Regarding the influence of supervisor leadership on employee employability, findings suggest the importance of mediators and moderators. Mediators such as work-related flow (Van der Heijden and Bakker, 2011), job demands, skill discretion, and decision authority (e.g., job characteristics), and social exchange mechanisms, particularly perceived organizational support and team-member exchange (Yizhong et al., 2019), career planning, skill development, and networking (e.g., proactive career behaviors; Chughtai, 2019), career skills (Wang et al., 2019), and strength use (Matsuo, 2022), are crucial to explaining the influence of supervisor leadership on employee employability. Moderators such as work roles, personality (Van der Heijde and Van der Heijden, 2014), proactive personalities (Wang et al., 2019), and national contexts (Stoffers et al., 2019) influence the relationship between supervisor leadership on employee employability. This implies that in addition to several leadership concepts and mediators discussed above, the positive influence of leadership on employability differs among work roles, personalities (Van der Heijde and Van der Heijden, 2014), proactive personalities (Wang et al., 2019), and national contexts (Stoffers et al., 2019). As mechanisms, both mediators and moderators are crucial to explaining the positive influence of supervisor leadership on employee employability.
4.1. Setting an agenda for employability research
This review suggests how supervisors' leadership influences employees' employability, but more research is needed to explore this relationship further. We therefore propose multiple directions for future research, setting an agenda, from (1) theoretical perspective that investigates how other, unapplied leadership frameworks and other mechanisms (e.g., mediators and moderators) operate in the relationship; (2) from methodological perspective, i.e., how other methodologies might be pursued in future empirical studies which might enhance the understanding of the supervisors' leadership and employees' employability which consequently represents a valuable contribution to employability literature.

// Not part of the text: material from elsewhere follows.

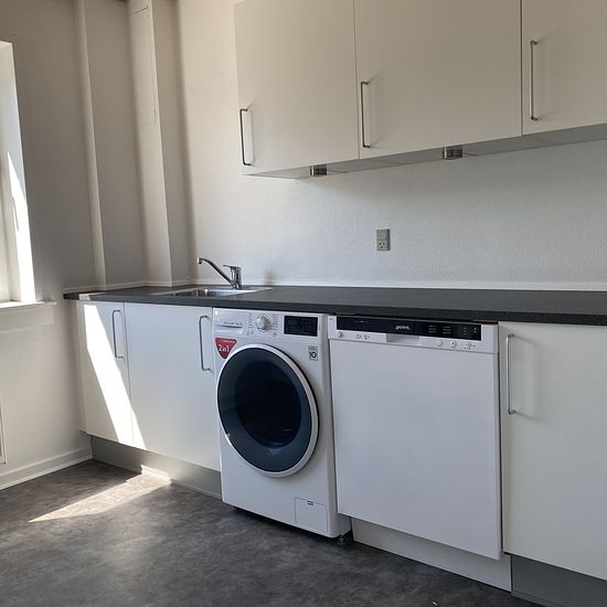 Stor 4-værelses lejlighed på 1. sal i hjertet af Bjerringbro. Lejligheden indeholder: Entré. Opholdsstue med dobbelte døre til spisestue. Soveværelse med skabe. Køkken med komfur, emhætte køle-/fryseskab og opvaskemaskine. Badeværelse med badekar. 1 værelse. Nymalet og med lakerede trægulve. Mulighed for parkering. Mulighed for leje af garage til 370 kr. i måneden.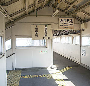 ▲弘南鉄道のホームはJRのホームとは離れた場所にあります。

To enhance theoretical knowledge within the leadership-employability relationship, findings suggest little research on the influence of other leadership concepts, such as relational (Clarke, 2018), authentic (Avolio et al., 2004) and empowering (Cheong et al., 2019) leadership, on employees' employability. Relational leadership is a social-process leadership style that stresses the role played by social interactions, which are dominated by mutual respect and trust between supervisors and employees (Clarke, 2018). Carifio (2010) argues that relational leadership includes 5 attributes—inclusive, empowering, caring, ethical, and vision and intuition—which might enhance employability. Authentic leadership (Avolio et al., 2004) is associates with followers' motivation and engagement enhancement, which subsequently foster employees' work outcomes (e.g., performance). Cheong et al. (2019) argue that empowering leadership relates closely to transformational and process leadership that provides relational support by, for example, fostering employees' autonomy. These leadership styles might operate as a job resource, enhancing employability. Therefore, we suggest further research directions by answer research questions such as: How will supervisors' leadership's (e.g., relational, authentic and empowering leadership) influence employees' employability? For instance, will supervisors' relational leadership enhance employees' employability more strongly, compared with authentic or empowering leadership? Moreover, despite the growing literature on collective forms of leadership such as shared leadership (Sweeney et al., 2019) which also may influence the employee-employer relationship in terms of employees' employability enhancement, we propose further research guided by the research question: How will shared leadership influences employees' employability?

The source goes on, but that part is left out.